Patches are used to be made, given and worn solely to signify ranks and accomplishments, or make one’s identity or belongingness to a group obvious. The classical examples of groups or units that have long been using this are the military and boy scouts. In the military, different patch designs are attached to each infantryman’s uniform to denote rank, group and designation. On the other hand, in the boy scouts, a patch is usually given to an individual as a substitute for trophy or medal after he accomplishes a significant task or reaches a specific goal.
However, as time passed by, patch usage became broader. It is no longer used exclusively for formalities. In fact, especially for the teens, wearing a patch is now more often done to improve aesthetics. Because of this, there has been a constant increase in demand for custom patch. Subsequently, patch manufacturing also improved to suit every man’s taste and reason for wearing this accessory. Of the many developments in patch making, perhaps one of the most important is the invention of different patch backings.
Traditional Sew-On Patch
Technically, this choice is not a backing option per se because you do not need a special backing to sew a patch over a garment. This patch is the most popular nowadays. In fact, most of the patches made today are still in this traditional form – the embroidered design is put on an ordinary twill. The twill kind of holds the patch embroidery and acts as the material wherein one can sew on a piece of clothing for attachment.
Of all the backing options, the sew-on patch is the most durable of all.
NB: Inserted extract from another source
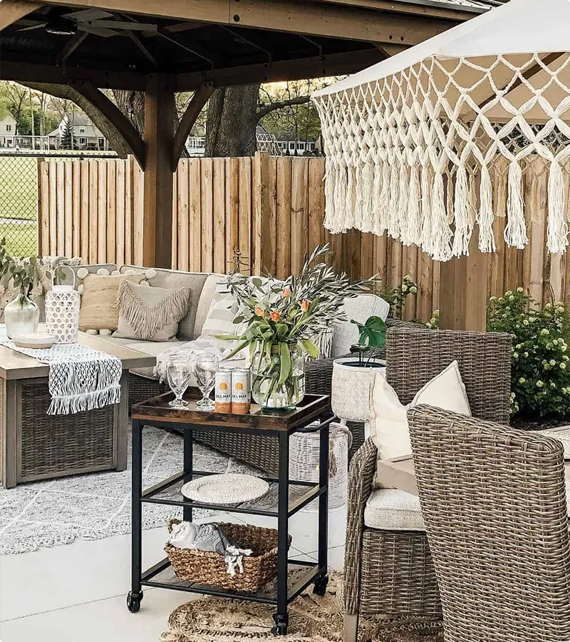 Add soft pillows, blankets, rugs, and warm lights. You can also use plants, candles, or a small fire pit to make it extra comfy.

It is permanent, meaning it can still cling to where you attach it even after multiple washes, given that the sewing is done properly. However, this permanence also acts as the patch’s downside. Because it is sewn, you cannot easily remove it, especially if you intend to wear it only once. Also, it should not be attached to precious pieces of clothing as the sewing will actually damage the somewhat valuable material of the garment.
This kind of backing is made to attach to a garment via the application of heat. The heat from an external source, usually an iron, causes the backing to react and stick to the clothing underneath.
Patches that are ironed-on are not permanent. It may withstand a few wears and washes but after some time, its adhesion will weaken. Because of this, it is best to attach an iron-on patch only to clothing items worn occasionally or those that do not need frequent washes, like bags or caps. Also, a disadvantage is that this backing is not suitable for certain types of materials. Because of its application procedure, some materials, like leathers, silks or spandex, will actually be destroyed when subjected to extreme heat even for a few seconds.
For its advantage, you can easily attach this kind of patch in a matter of few seconds. Our iron-on patch only requires a maximum of thirty seconds of heat stress before it becomes fully secured to where it will be attached.
Patches that are tape-backed are the most temporary option of all. Our special adhesive can make the patch cling to almost all types of materials. However, it is only recommended for short time and short span wearing as it cannot withstand washing or extensive mobility. If patch permanence is required, this is not the ideal option. This choice is only good for those quick cloth designing and costume fixes needed for sudden Halloween parties or any other costume gatherings.
Patches with Velcro attachments are great selections for those who like to change the design of their garments frequently. With Velcro backing, one can easily attach and remove the patch when he pleases. For this reason, different patches can be interchangeably put on a same spot, depending on one’s mood or the event he is going to, without hassle. Another advantage of this is that the actual patch, which holds the embroidered design can be removed before washing, thereby minimizing its tendency for deterioration and fading due to water damage.
However for its disadvantage, Velcro attachment is not that secure compared to other patch backing types. It is somewhat loose and its sticking ability may even worsen with frequent removal and putting on of the patch.
For obvious reasons, a button loop patch is not permanent. It is only usually intended for awarding ceremonies wherein the patch is hung to the recipient’s button or lapel pin. The patch thereafter is commonly framed or displayed and never worn again.
The main advantage of this kind of backing is that it is not invasive to the garment where it will be attached. Because the patch will only be hung, needle punctures, heat application, or adhesive damage will be avoided.
When opting for buying or customizing one’s own patch, it is not enough that only the design should be thought upon thoroughly. Surely, the design gives the patch its own character, but aside from its form, one should also not forget its function so the proper kind of patch backing can be chosen.